The following is the final-used setting: Isocortex, 50×50 µm grids, hard spot_embedding, row-normalized subtype embedding, K-Means with k = 4. Soft embeddings, 25×25 grids, unnormalized embeddings, inertia/ARI sweeps, LDA/GMM/MiniBatch variants, and k = 5 are omitted.

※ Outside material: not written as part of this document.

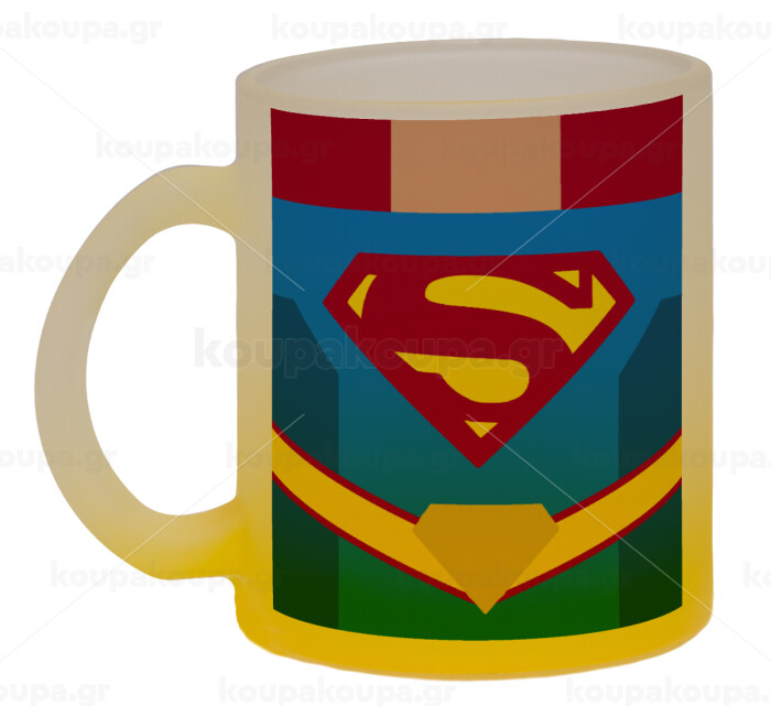 Superman flat, Κούπα γυάλινη δίχρωμη με βάση το κίτρινο ματ, 330ml

Step F1 — Region and grid constants

ROI = "Isocortex"
grid_len = "50_by_50"
grid_len_num = 50

Step F2 — Inputs (prepared elsewhere in the pipeline)

You need consistent objects under your comparison output directory (paths in the notebook are relative to code/):

spots — Combined WT + AD spot AnnData for Isocortex with global_x, global_y, layer_labels, batch, and aligned coordinates (the notebook uses recover_spots for 50×50 to attach layer_labels from a reference h5ad).
adata — Cell-level AnnData (e.g. neuropil_subdomains_adata.h5ad).
granule_adata — Granule AnnData restricted to the neuropil workflow (e.g. neuropil_subdomains_granule_adata.h5ad) with granule_subtype_kmeans in obs and raw counts in layers["counts"].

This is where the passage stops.